Data Scientist
About the Project
Our partner is revolutionizing retail with their dynamic pricing B2B SaaS platform, leading the charge in automating and optimizing pricing strategies with AI-driven insights. Their comprehensive solution, embraced by retailers and brands across over 40 markets, delivers actionable pricing recommendations that drive business growth and profitability. Since 2018, they've been empowering a wide range of industries, including consumer electronics, beauty, and apparel, to seamlessly integrate pricing strategies across online and offline channels.
Required skills:
- A Master’s or PhD in Computer Science, Physics, Applied Mathematics or a related field, demonstrating a strong foundation in analytical thinking.
4+ years of professional experience in:
- End-to-end machine learning lifecycle (design, development, deployment, and monitoring).
- Advanced Python development, including OOP, writing production-grade code, testing, and optimization.
- Data mining, statistical analysis, and effective data visualization techniques.
- Deep familiarity with modern ML/DL methods and frameworks (e.g., PyTorch, XGBoost, scikit-learn, statsmodels).
- Strong analytical skills combined with practical experience interpreting model outputs to drive business decisions.
Nice-to-Haves:
- Practical knowledge of SQL and experience with large-scale data systems like Hadoop or Spark.

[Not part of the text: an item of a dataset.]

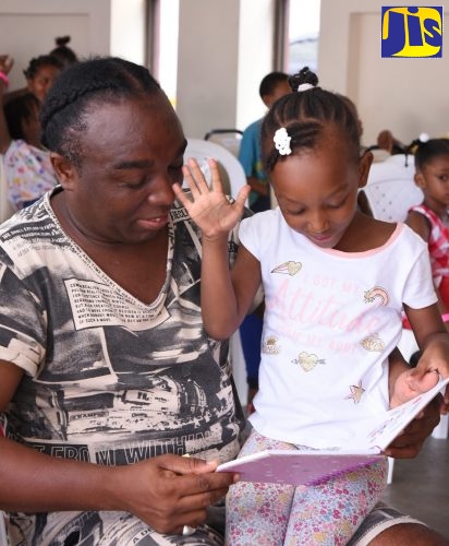 Beneto Lazarus reads with his daughter, Shanika, at Parliament’s annual Christmas treat for children held in the parking lot at 81 Duke Street, Kingston, on December 19.

- Familiarity with MLOps tools and practices (CI/CD, model monitoring, data version control).
- Experience in reinforcement learning and Monte-Carlo methods.
- A solid grasp of microeconomic principles, including supply and demand dynamics, price elasticity, as well as econometrics.
- Experience with cloud services and platforms, preferably AWS.
Scope of work:
As a Data Scientist, you’ll play a critical role in shaping and enhancing our AI-driven pricing platform.
Specifically, you will:
- Develop and Optimize Advanced ML Models: Build, improve, and deploy machine learning and statistical models for forecasting demand, analyzing price elasticities, and recommending optimal pricing strategies.
- Lead End-to-End Data Science Projects: Own your projects fully, from conceptualization and experimentation through production deployment, monitoring, and iterative improvement.
- Innovate with Generative and Predictive AI Solutions: Leverage state-of-the-art generative and predictive modeling techniques to automate complex pricing scenarios and adapt to rapidly changing market dynamics.